Top of Exercise data

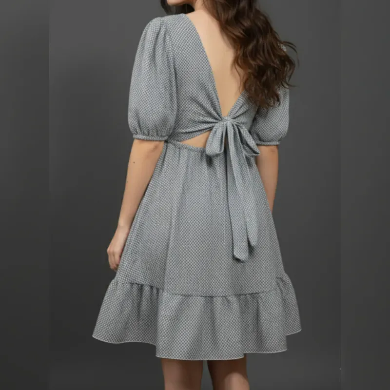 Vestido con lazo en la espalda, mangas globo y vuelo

Bottom of Exercise data
Top of Exercise data

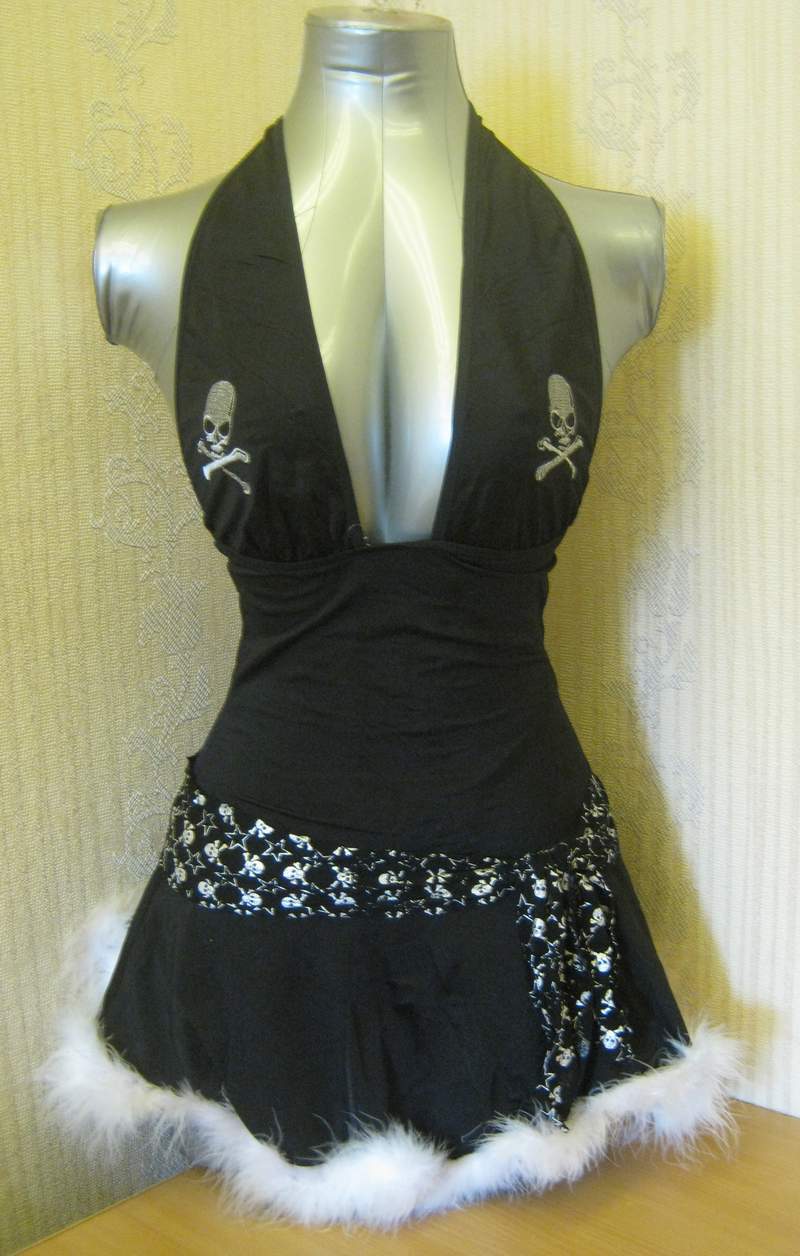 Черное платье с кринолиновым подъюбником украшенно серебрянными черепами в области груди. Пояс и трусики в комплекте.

Bottom of Exercise data
Top of Exercise data

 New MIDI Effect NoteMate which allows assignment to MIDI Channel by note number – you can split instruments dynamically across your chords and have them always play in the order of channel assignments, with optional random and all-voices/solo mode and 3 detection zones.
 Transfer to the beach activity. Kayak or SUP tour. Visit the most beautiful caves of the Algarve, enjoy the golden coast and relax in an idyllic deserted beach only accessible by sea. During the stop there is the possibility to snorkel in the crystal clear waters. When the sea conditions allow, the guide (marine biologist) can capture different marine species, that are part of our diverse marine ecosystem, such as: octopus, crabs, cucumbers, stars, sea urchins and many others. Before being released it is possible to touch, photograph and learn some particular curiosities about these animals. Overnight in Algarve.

Bottom of Exercise data

» **What you are asked to do**: An exact, complete copy of the lines above from the one with "New MIDI Effect" through the one with "Transfer to the" is the whole answer.

» **Answer below**:
 New MIDI Effect NoteMate which allows assignment to MIDI Channel by note number – you can split instruments dynamically across your chords and have them always play in the order of channel assignments, with optional random and all-voices/solo mode and 3 detection zones.
 Transfer to the beach activity. Kayak or SUP tour. Visit the most beautiful caves of the Algarve, enjoy the golden coast and relax in an idyllic deserted beach only accessible by sea. During the stop there is the possibility to snorkel in the crystal clear waters. When the sea conditions allow, the guide (marine biologist) can capture different marine species, that are part of our diverse marine ecosystem, such as: octopus, crabs, cucumbers, stars, sea urchins and many others. Before being released it is possible to touch, photograph and learn some particular curiosities about these animals. Overnight in Algarve.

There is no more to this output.